Agentic AI adoption is accelerating, with Grand View Research forecasting enterprise agentic AI growth from $2.6 billion in 2024 to over $24 billion by 2030. UiPath reported a swing to operating profit of $13 million in Q3 versus a $43 million loss a year earlier, trades at just over 5x trailing revenue and is down ~83% from its highs while analysts model ~26% annualized earnings growth. Alphabet's Gemini (650M+ monthly active users) processes more than 7 billion tokens per minute across third-party apps and is supporting Google Cloud expansion (reported +34% YoY revenue in Q3); Alphabet trades around 30x 2026 earnings. The piece frames UiPath and Alphabet as core platform plays to capture enterprise agentic AI demand, presenting investment opportunities driven by improving fundamentals and broad model/cloud adoption.

Analysis

Market structure: Agentic AI economically re-centers value toward orchestration platforms (UiPath/PATH) and infrastructure providers (Alphabet/GOOGL, Nvidia/NVDA). PATH's move to positive operating income plus a ~5x trailing revenue multiple implies buyers are pricing profitability into a company positioned to capture increasing software automation spend as enterprise agentic AI TAM is modeled to grow ~9x to $24B by 2030. Risk assessment: Key tail risks are regulatory constraints on autonomous agents, high-profile hallucination/data-breach liability, and a GPU or energy supply shock that raises compute costs >10–20% out to 12–24 months. Immediately (days–weeks) expect sentiment-driven volatility around earnings; over 1–4 quarters watch ARR and renewal rates; over 3–5 years risk is execution and dependency on third-party models/cloud pricing. Trade implications: Favor concentrated long exposure to PATH (idiosyncratic growth + improving margins) and to GOOGL for infrastructure leverage, while using option overlays to control risk.

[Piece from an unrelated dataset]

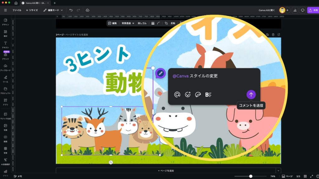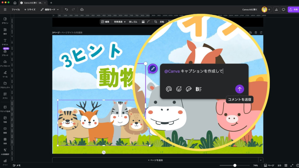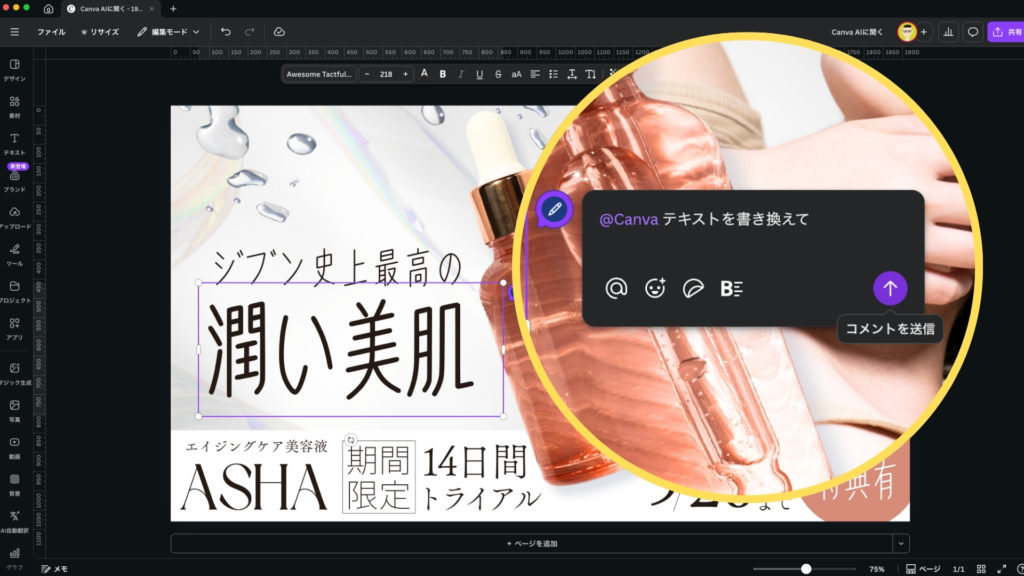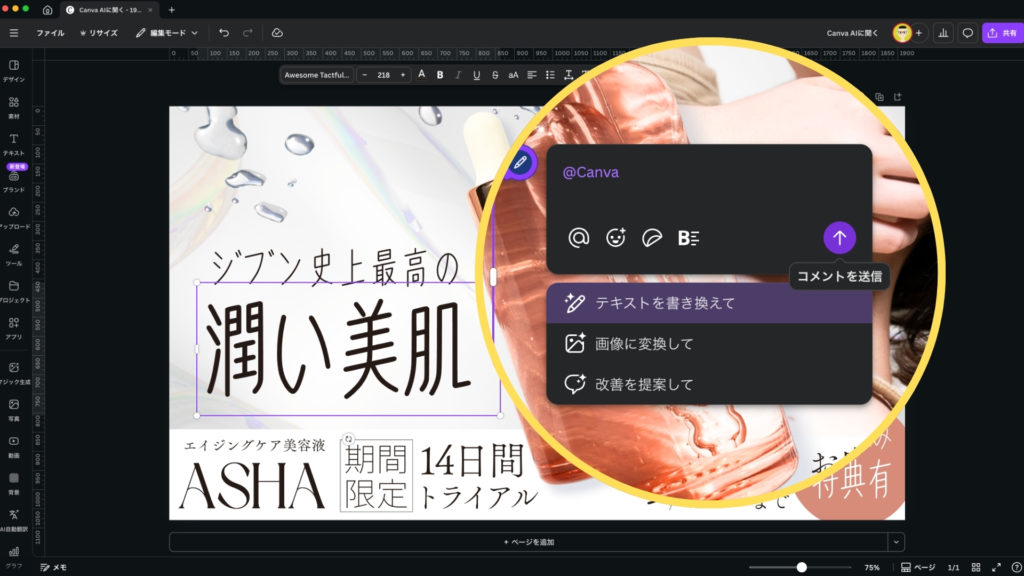 デザインエディタ内で、編集に悩んでいる要素(背景、テキストボックス、挿入した素材など)をクリックすると、ポップアップメニューの中に「Canva AIに聞く」という項目が表示されます。

Short/underweight legacy BPO or low-end RPA players (mid-cap outsourcing names) that face secular share loss; tactically finance longs with covered-call income or vertical call spreads to limit drawdowns. Contrarian angles: Consensus understates counterparty and model-license risk — if model providers (Google/OpenAI) raise API prices 20–40% or restrict access, PATH margins compress quickly. Adoption could also be slower than hype if implementation ROI exceeds 12 months, giving room for multiple compression rather than expansion; position sizing and option hedges should reflect that asymmetric risk.